Rating ataxia using video capture: the development of the SARAhome  assessment

A particular highlight of our webinar, Video Capture for Patient-Centered Clinical Trials, this article features Dr Marcus Grobe-Einsler MD of Deutsches Zentrum für Neurodegenerative Erkrankungen e.V. (DZNE, the German Centre for Neurodegenerative Diseases) and the story behind digitising the Scale for the Assessment and Rating of Ataxia, SARA, into SARAhome.

What is SARAhome?

SARAhome is a digital assessment of ataxia at home. Ataxias are a heterogeneous group of rare movement disorders and the core clinical features of these disorders are progressive gait disturbance, impaired coordination and speech disturbance. 

“We usually see our patients once a year at least, and we need some kind of objective measurement for the severity of ataxia. SARA, the scale for assessment and rating of ataxia, is established as the golden standard in the examination of ataxic patients, it’s been broadly validated, we all use it, and we have a lot of information about reliability, validity, linearity, sensitivity to change,” says Marcus.

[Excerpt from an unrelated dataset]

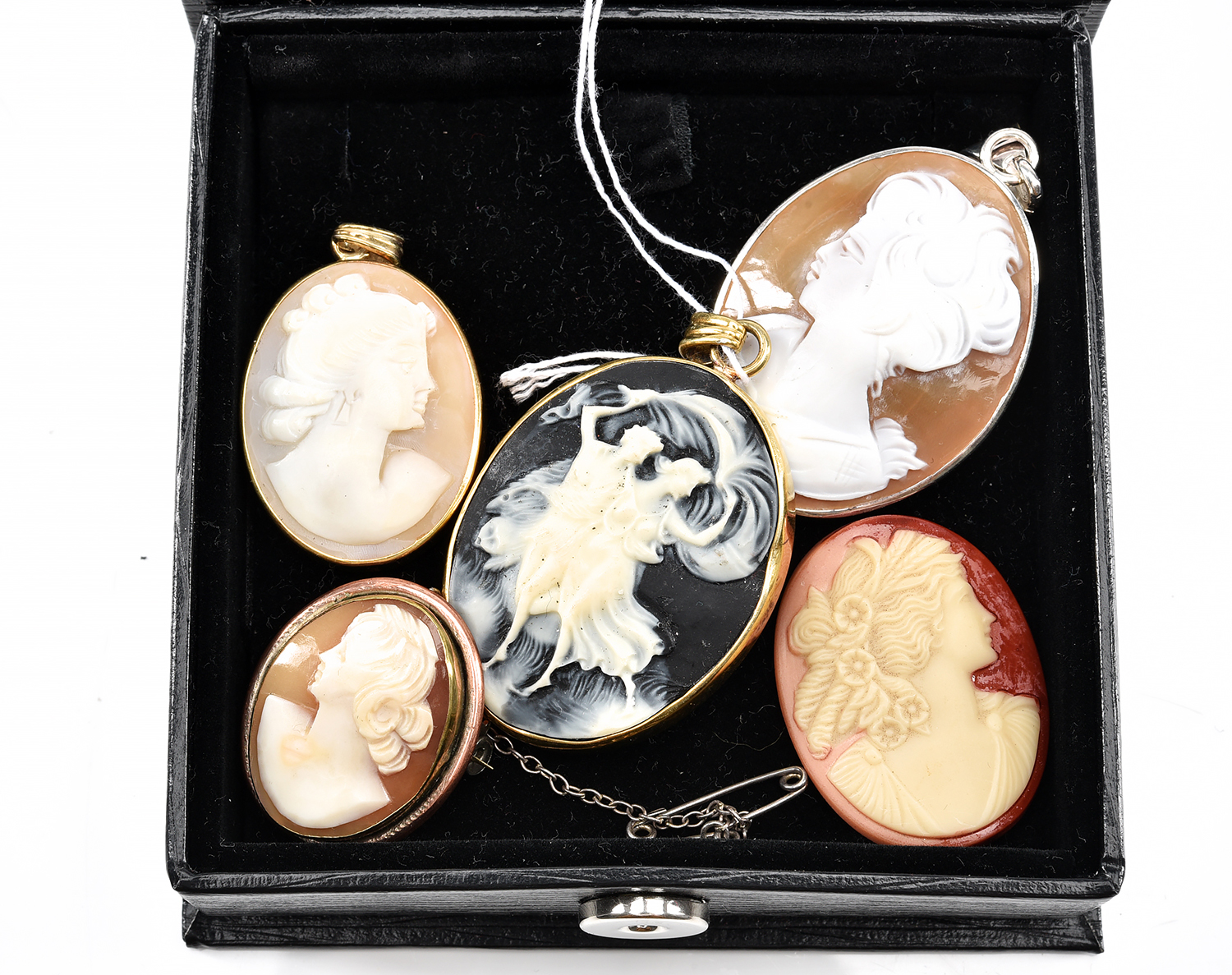 A COLLECTION OF FIVE CAMEO, SOME SET AS PENDANT OR BROOCH, IN SILVER AND/OR SILVER GILT

“What we actually do with the patients when applying SARA is we assess gait, standing, sitting, speech disturbance, finger chase nose-finger tests, fast alternating hand-movements and a heel-shin slide test.” 

The severity of each symptom is rated on a point scale, which is differently weighted depending on how severe the functional impairment is for these patients in their daily life.

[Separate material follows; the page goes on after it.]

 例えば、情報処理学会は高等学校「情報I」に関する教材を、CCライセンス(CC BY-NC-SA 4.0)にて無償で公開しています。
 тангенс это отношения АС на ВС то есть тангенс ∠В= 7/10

Limitations of in-clinic assessments

Ataxia patients experience fluctuations in the severity of their ataxia during everyday life, and they report that. But we cannot measure it, because we only have this snapshot visit. “So we see them once a year and it’s really hard to get more information about these fluctuations,” says Marcus “because we can only ask them, but don’t have a home assessment.”

Marcus continued, “SARA is a very useful instrument, but we know that there are limitations to it. And the most important limitation is that it takes place in a clinical setting so we don’t get the information about the situation at home, that real-life data. And you have the necessity of an investigator, so you always need to have to travel for one of those persons.” 

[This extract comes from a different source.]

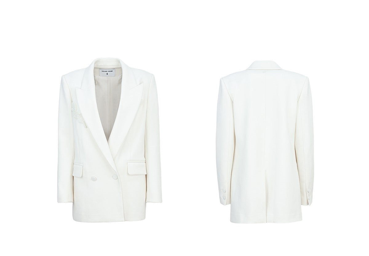 Elevate your wardrobe with the YES BY YESIR Ye Qian original designer long suit jacket set, showcasing a distinctive single gun bead horse motif. This luxury ensemble blends expert tailoring with sophisticated details, offering a refined and classy silhouette that stands out in any formal setting. The ICY set embodies poised elegance for the discerning fashion connoisseur.

If the patient comes to the clinic, or even if the doctor comes to the patient once a year, there is very little (or even zero) information about daily fluctuations in severity.

Dr Marcus Grobe-Einsler, DZNE

So Marcus’s team went back to the original SARA score and tried to identify those items that the patient would be able to perform by themselves after instruction by investigators. They settled on: 

  • Gait 
  • Stance 
  • Speech disturbance
  • Finger-to-Nose-Test 
  • Fast Alternating Movement 

“We identified those five items to keep and we eliminated the sitting and the heel shin slide because they’re less feasible at home. Patients would have to climb on a high chair or lie down for these items. We also eliminated the finger chase, just for the obvious reason that for the moving target we’d need a second person at home. We included standardised speech that is not included in the original SARA score but delivers a lot of information that we can use for the development of automatic ratings.”

“One question we had to answer was: can we eliminate three items (from SARA) without destroying what the score tells us about the severity of ataxia?”

The original SARA publication from 2006 in part answered this question as the internal consistency is high in this score, meaning that if you eliminate an item it doesn’t really destroy the meaning of the score. 

DZNE wanted more information about that so they used data from a closed retrospective study,  the EUROSCA trial, including patients with spinocerebellar ataxia types one, two, three, and six – these are autosomal dominantly inherited disorders, with ataxia as a core feature – and looking at the SARA scores from the baseline and comparing those with the extraction of only those items used for SARAhome showed a very high correlation between those scores. 

Marcus points out, “But we, of course, need to demonstrate this, so high correlation always means that you have a narrow distribution of those points here (around the line). At this point, we also wanted to develop some kind of help for the patients when they use it at home.”

This led to the development of the SARAhome assessment in Aparito’s Atom5TM clinical trial platform.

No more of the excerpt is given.